BeInCrypto reported on May 11 (local time) that the reason Bitcoin is stagnating around $82,000 is not simply a chart issue, but rather the absence of US buyers. According to the article, major exponential moving averages are tightly clustered on Bitcoin's daily chart, and the possibility of a bullish cross between the 50-day and 100-day exponential moving averages is increasing.
Currently, the 20-day exponential moving average is at $78,805, the 50-day exponential moving average is at $76,016, and the 100-day exponential moving average is at $76,538. In contrast, the 200-day exponential moving average is at $82,020, acting as an immediate resistance level hindering short-term upward momentum.
BeInCrypto explained that the gap between the 50-day and 100-day moving averages is rapidly narrowing, and a bullish cross could be completed within a few days. Previously, a similar compression trend appeared between the 20-day and 100-day lines in late April, and Bitcoin rose by 10.72% for several weeks after the cross. However, for the same upward trend to occur this time, a breakthrough of the 200-day line must first be confirmed.
The problem is that attempts to re-break the 200-day line have continuously failed. Bitcoin attempted to reclaim the 200-day exponential moving average over the weekend but failed, and both the May 6th and May 10th attempts ended in quick pullbacks. BeInCrypto assessed that until the 200-day line turns from resistance to support, the bullish cross of the 50-day and 100-day lines is merely a setup that has not yet triggered an actual rally.
On-chain indicators also point to the absence of US buying pressure. Bitcoin's funding rate has changed its regime over the past three months. From May 2025 to late January 2026, it generally remained in positive territory, indicating long position dominance, but since late January, it has mostly stayed in negative territory. According to CryptoQuant data, the latest funding rate on May 10 was -0.0031%, and at one point in this trend, it fell close to -0.02%.
When the funding rate falls below -0.01%, it is interpreted as a strong signal of short position dominance. However, BeInCrypto explained that if bearish leverage becomes excessively concentrated, the risk of a short squeeze could increase in a phase where prices hold steady. This implies both strong downward pressure and the possibility of a sharp surge in the opposite direction.

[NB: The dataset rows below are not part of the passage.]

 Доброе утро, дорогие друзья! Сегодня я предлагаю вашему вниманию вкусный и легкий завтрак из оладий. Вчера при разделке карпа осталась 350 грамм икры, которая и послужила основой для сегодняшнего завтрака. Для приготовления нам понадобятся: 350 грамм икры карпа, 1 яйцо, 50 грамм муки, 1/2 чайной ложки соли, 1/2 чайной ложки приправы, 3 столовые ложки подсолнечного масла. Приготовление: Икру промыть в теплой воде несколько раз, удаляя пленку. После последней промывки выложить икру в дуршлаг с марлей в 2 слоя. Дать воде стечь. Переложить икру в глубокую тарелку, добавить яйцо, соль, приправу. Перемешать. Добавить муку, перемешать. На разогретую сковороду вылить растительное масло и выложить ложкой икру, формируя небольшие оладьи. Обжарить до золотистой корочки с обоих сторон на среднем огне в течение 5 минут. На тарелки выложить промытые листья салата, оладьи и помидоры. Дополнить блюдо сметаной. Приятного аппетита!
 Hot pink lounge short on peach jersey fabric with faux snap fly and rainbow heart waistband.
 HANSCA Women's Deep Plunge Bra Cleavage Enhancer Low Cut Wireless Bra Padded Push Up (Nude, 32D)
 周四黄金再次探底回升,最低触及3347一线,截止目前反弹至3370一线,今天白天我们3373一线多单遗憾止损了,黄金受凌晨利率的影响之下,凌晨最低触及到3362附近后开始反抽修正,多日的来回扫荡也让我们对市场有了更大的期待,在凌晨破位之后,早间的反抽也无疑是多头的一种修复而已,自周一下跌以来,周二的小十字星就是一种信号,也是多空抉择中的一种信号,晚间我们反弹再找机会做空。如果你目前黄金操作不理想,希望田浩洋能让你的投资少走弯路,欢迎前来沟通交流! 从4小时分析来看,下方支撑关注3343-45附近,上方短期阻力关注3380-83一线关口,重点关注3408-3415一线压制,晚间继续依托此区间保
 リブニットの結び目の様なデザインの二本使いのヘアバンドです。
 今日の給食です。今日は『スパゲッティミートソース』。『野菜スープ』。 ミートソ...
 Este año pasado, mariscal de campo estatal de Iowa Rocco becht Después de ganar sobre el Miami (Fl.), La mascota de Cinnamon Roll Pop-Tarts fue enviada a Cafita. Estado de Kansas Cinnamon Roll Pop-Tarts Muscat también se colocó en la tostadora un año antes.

In the spot market, the Coinbase Premium Index was presented as a key variable. This indicator shows the price difference between Coinbase and other major exchanges; a positive value means US-based buyers are paying a higher price. Conversely, a negative value signals that US sellers are dominant.
According to BeInCrypto, the Coinbase Premium Index has mostly remained in negative territory since late October 2025. This six-month-long negative trend was interpreted to mean that US spot demand was absent or in a net selling state. The indicator briefly turned positive on May 5 but reverted to negative on May 6, coinciding with the failure to break the 200-day exponential moving average.
From a price perspective, Bitcoin must clearly surpass $82,020 to open the next upward range. Subsequently, if it breaks through the Fibonacci 23.6% retracement line at $83,608, then $86,223 and $88,336 are presented as the next resistance zones. If it surpasses $88,336, the Fibonacci 61.8% retracement line at $90,450 emerges as the next major resistance.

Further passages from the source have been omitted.